If you buy a gun from someone who's not a dealer, that's called a private sale. It works the same way as buying a car or a musical instrument from someone. The seller has neither the obligation (nor really the ability) to conduct a background check on the buyer, but has every right to make the sale regardless. This is true regardless of whether you're at a gun show, someone's home, or somewhere else. It has sweet fuck-all to do with gun shows, but they get tagged with this loophole because someone selling their granddaddy's double-barrel shotgun without getting a background check (if not a mental health screening and a DNA sample) is abhorrent to them.
WHAT'S IN IT FOR ME?
So, for those of you looking more for the cinematic and theatrical, what does a gun show have that can be used?

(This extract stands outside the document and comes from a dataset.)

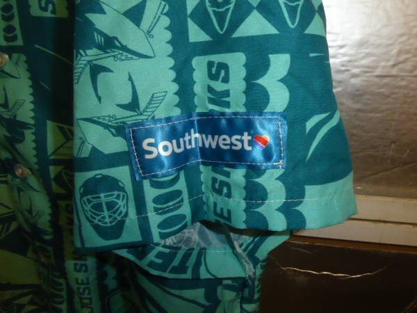 This is a men's Southwest Airlines San Jose Sharks Shirt - Size XL. 100% polyester. Made in China. NO stains/tears/rips/holes/damage. Teal in color. All buttons are present. $10. It is in Penryn....
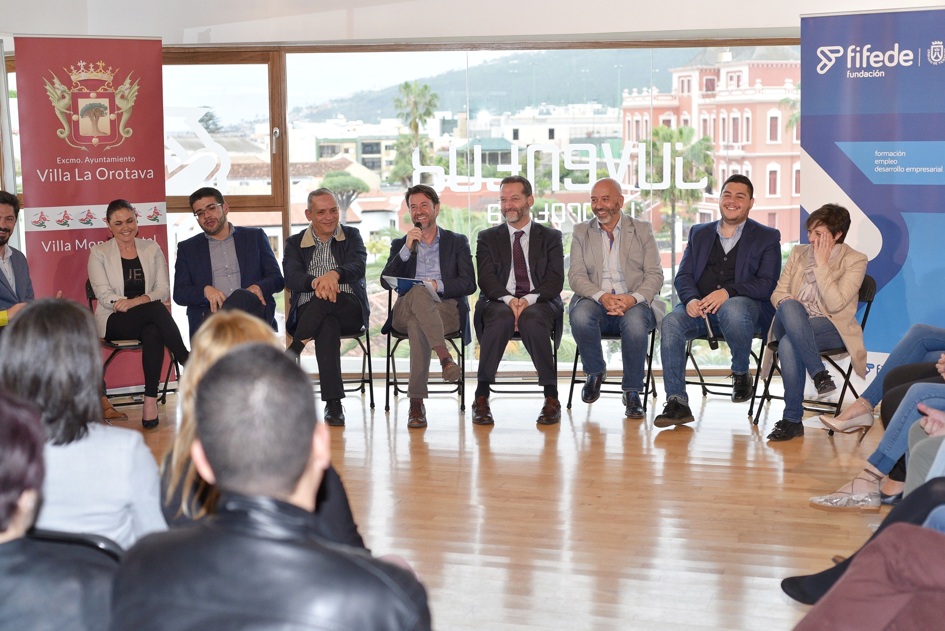 También estuvo presente en el acto el vicepresidente socioeconómica insular, Efraín Medina; el consejero de Empleo, Leopoldo Benjumea; el director de Relaciones Institucionales de Fundación Telefónica, Joan Cruz; el director de Telefónica en Canarias, Juan Flores; la responsable de Comunicación de las Lanzaderas en Fundación Santa María la Real, Soraya de las Sías; el concejal del Ayuntamiento de La Orotava, Eduardo Rodríguez; así como técnicos y participantes en el proyecto.

Costume pieces (uniforms, body armor, boots), props (dummy grenades, non-firing replicas, rubber training daggers), books (anything from Musashi to Clausewitz can be found among the booksellers) and much more, depending on what the vendors have to offer and what you're willing to buy.
And if nothing else, it gives you a chance to get out and meet some folks you might otherwise not interact with.